● **About this exercise**: Give back the whole listing exactly as written, pictures excluded.

● **Data segment**:
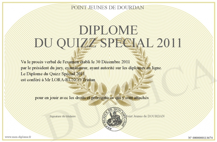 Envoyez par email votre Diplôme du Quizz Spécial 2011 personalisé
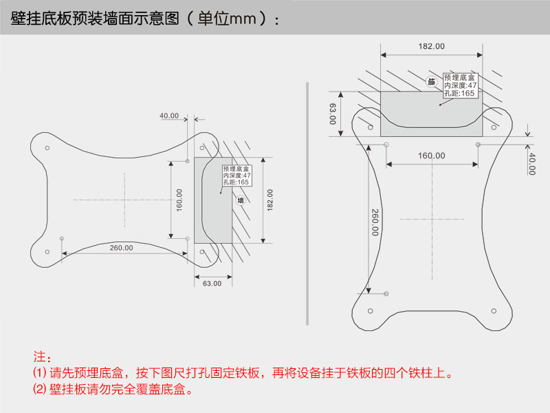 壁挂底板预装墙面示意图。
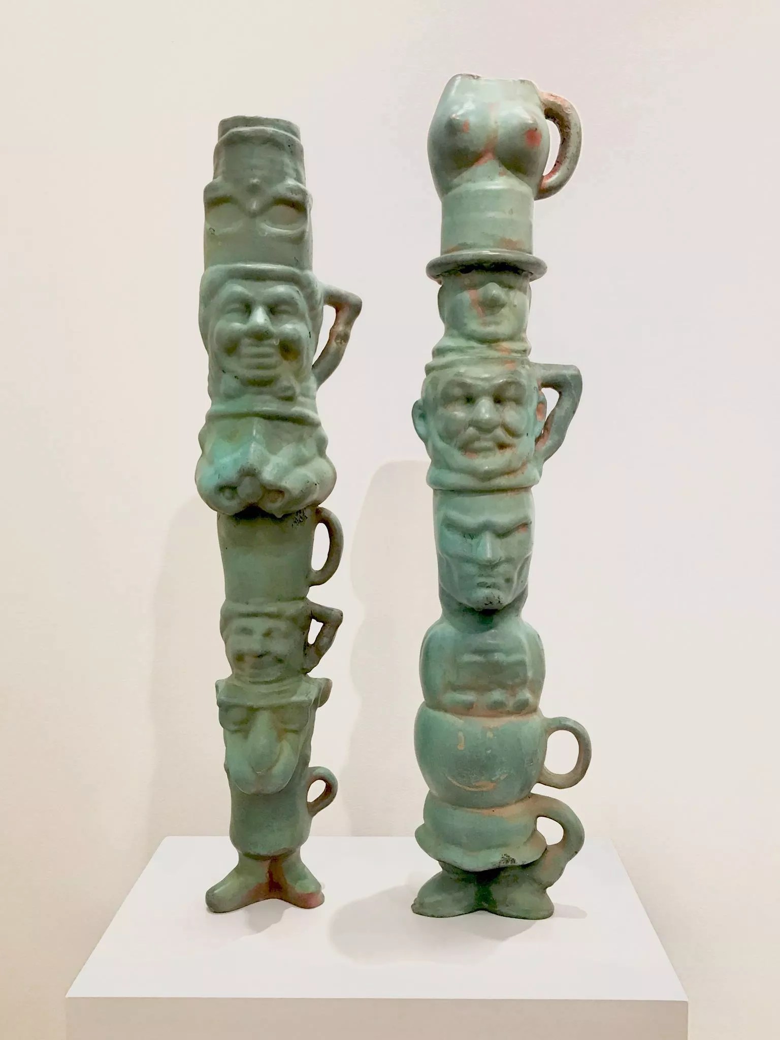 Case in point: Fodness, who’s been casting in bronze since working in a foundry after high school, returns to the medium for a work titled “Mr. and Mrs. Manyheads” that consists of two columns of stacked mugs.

● **Response below**:
 Envoyez par email votre Diplôme du Quizz Spécial 2011 personalisé
 壁挂底板预装墙面示意图。
 Case in point: Fodness, who’s been casting in bronze since working in a foundry after high school, returns to the medium for a work titled “Mr. and Mrs. Manyheads” that consists of two columns of stacked mugs.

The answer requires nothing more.